# YOUR GOAL
Lower down are entries containing pictures. Copy exactly, without those pictures, the lines from the line with "Обратите внимание на" through the line with "- VERSATILE &".

Top of MATERIAL SHOWN

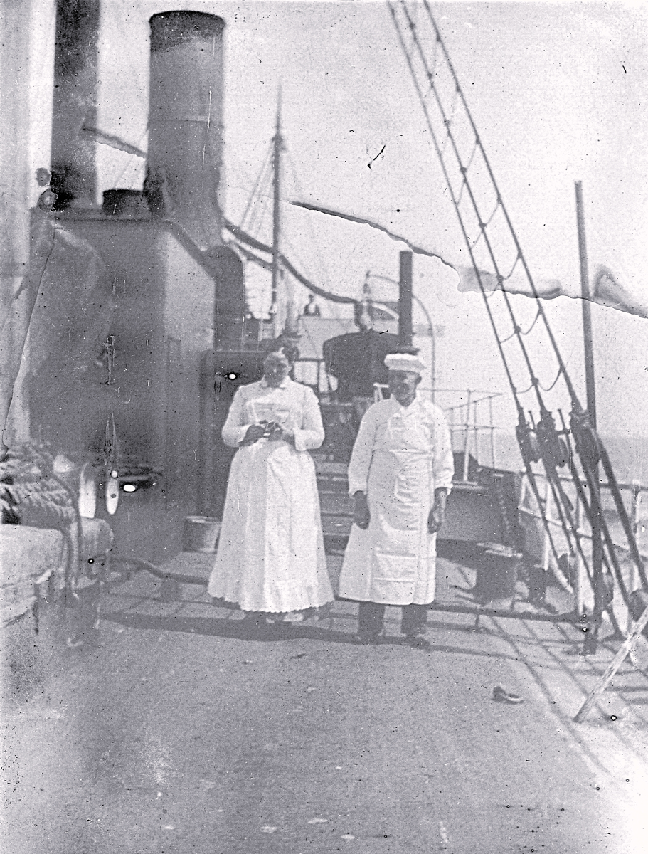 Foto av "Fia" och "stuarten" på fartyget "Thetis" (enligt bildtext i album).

Bottom of MATERIAL SHOWN
Top of MATERIAL SHOWN

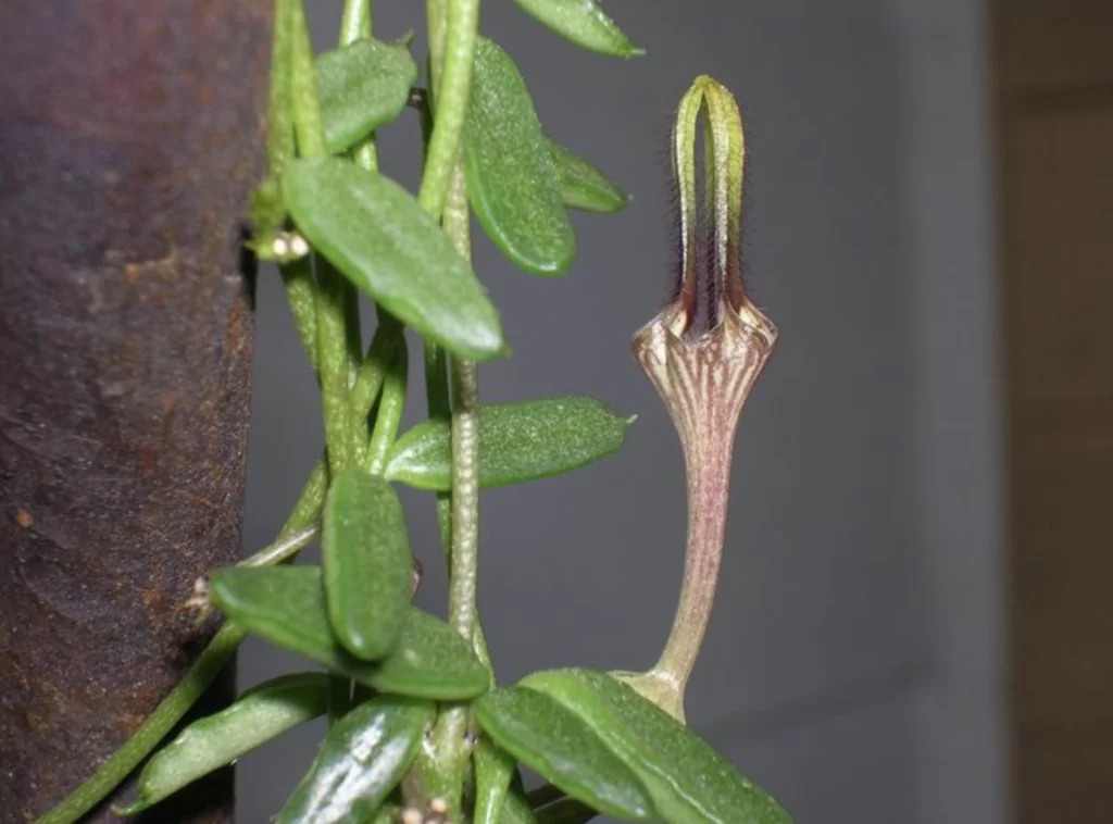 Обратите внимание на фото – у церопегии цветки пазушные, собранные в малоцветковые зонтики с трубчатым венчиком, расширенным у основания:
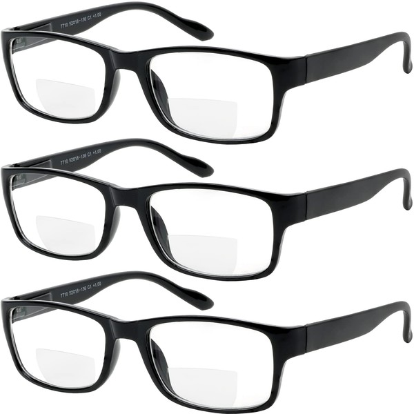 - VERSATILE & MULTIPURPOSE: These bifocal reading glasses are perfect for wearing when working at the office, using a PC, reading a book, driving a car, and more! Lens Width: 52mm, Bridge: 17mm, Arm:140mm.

Bottom of MATERIAL SHOWN
Top of MATERIAL SHOWN

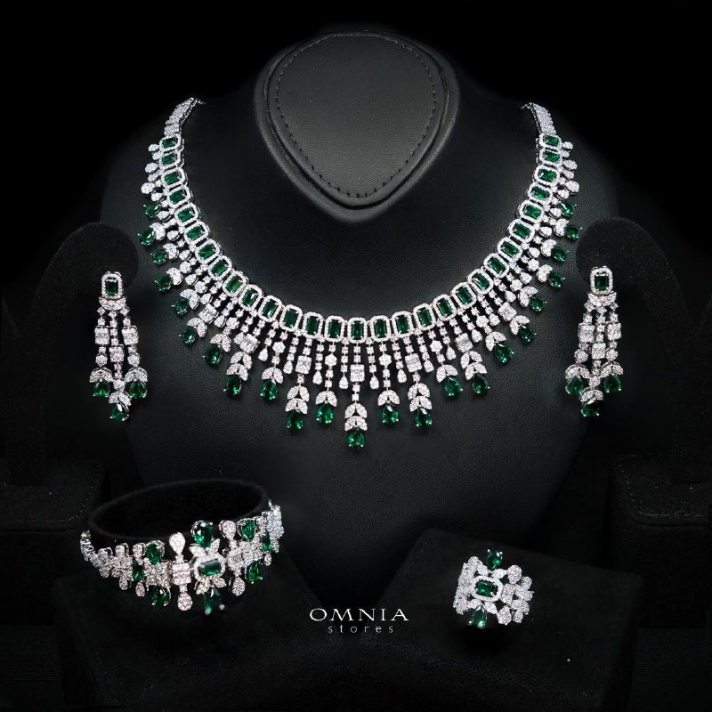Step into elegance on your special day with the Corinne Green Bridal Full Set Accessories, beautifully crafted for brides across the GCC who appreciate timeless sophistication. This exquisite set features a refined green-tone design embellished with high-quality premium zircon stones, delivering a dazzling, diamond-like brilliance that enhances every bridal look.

Bottom of MATERIAL SHOWN

# ANSWER TO THE EXERCISE
 Обратите внимание на фото – у церопегии цветки пазушные, собранные в малоцветковые зонтики с трубчатым венчиком, расширенным у основания:
 - VERSATILE & MULTIPURPOSE: These bifocal reading glasses are perfect for wearing when working at the office, using a PC, reading a book, driving a car, and more! Lens Width: 52mm, Bridge: 17mm, Arm:140mm.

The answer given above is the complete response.